Pier 57, the future home of Bourdain Market, is a strange place to anchor a multimillion-dollar argument for the absolute existence of authenticity. The market will be connected to the High Line, a park built on the raised railroad tracks that once carried freight around the docks and shipping piers of the Meatpacking District. The High Line represents a new kind of fun complex that preserves past industrial history as a quaint tourist destination, in which the pieces of decommissioned track compliment the native flora. Bourdain himself, in his latest show The Layover, gives the High Line a minute-long commercial where he calls it “distinctly strange and beautiful,” but he says it with none of the passion and romance he reserves for a well-constructed hot dog. The High Line, through plaques and tour guides, informs visitors that what they are seeing is simultaneously a conscious selection of flora that was endemic to Manhattan Island prior to urbanization and the nostalgic preservation of an industrial infrastructure prior to New York’s latest wave of gentrification. Both of these combine in a mise-en-scène of New York City through different scales of time. There is even a small amphitheater suspended above the street, so that visitors can stare at unfolding city life as if it were theater.

This is all antithetical to Bourdainian authenticity, which he frames as a matter of direct accessibility and individuated distinction. In his shows Bourdain has nothing but disdain for the carefully posed and self-­consciously displayed. Everything that, for him, is contained in “the hipster” is a profane act of showmanship, not craftsmanship. To have a truly authentic experience one must identify something as authentic and then take the leap of faith to literally consume it. You put your trust in a local with whom you can imagine you have some sort of noncontractual relationship. Those relations are authentic; tour guides are irredeemable.
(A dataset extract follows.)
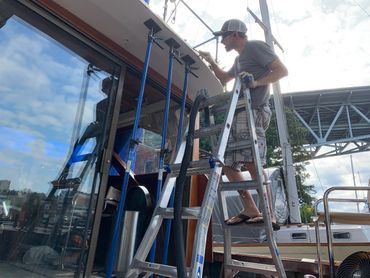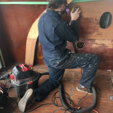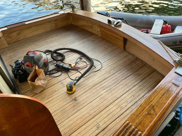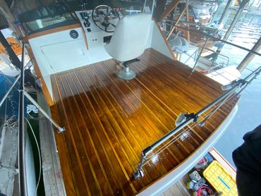 Extensive rot was found in the starboard aft corner which needed serious attention. After a whole lot of plank repair, epoxy molding and paint she looked like it never happened.
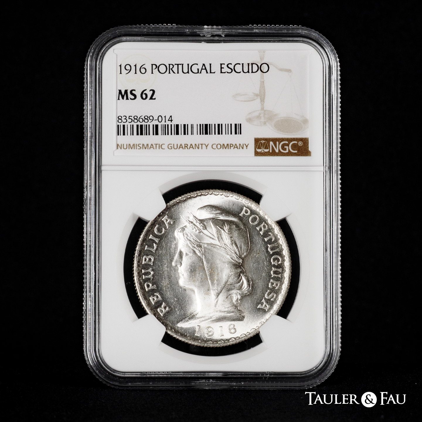Portugal. 1 escudo. 1916. Lisbon. (Km-564). (Gomes-23.02). Ag. Slabbed by NGC as MS 62. Est...100,00.

But what is Bourdain to his shows’ audiences and the patrons of his future food market, if not their contractually hired tour guide? If Bourdain Market is supposed to make the content of his show—the authenticity of hard-to-access food—“come alive,” then what it will sell is more about the proximity between products (I get to sample elk meat right before finding out what a papaya tastes like) than the food itself. Yet if this is the case, then anything in Bourdain Market must lose a portion of its aura, as papaya and elk are not endemic to the same region, nor the hinterlands of Manhattan. The authenticity of any particular product is negated in favor of sustaining the authority of Bourdain as judge, jury, and executioner of authenticity.

By making it physically possible to access foods from around the world, Bourdain Market will let you choose the scenarios for your own food-centered reality TV show. And just like a reality TV show, Bourdain Market will run roughshod over particulars in its restaging of the real. Nowhere is this more obvious than in the New York Times article that announced the project, a short writeup that required three corrections, including one for the artist’s rendering of the future market that contained fake Chinese characters.

As Benjamin and Baudrillard warn, it is impossible to consciously create an authentic experience. The friction between Chelsea Market, the High Line, the conceit of Bourdain’s own shows, and his new market reveals the hypocrisy of the entire project: Bourdain Market is as authentic, transparent, democratic, and open as basic cable TV.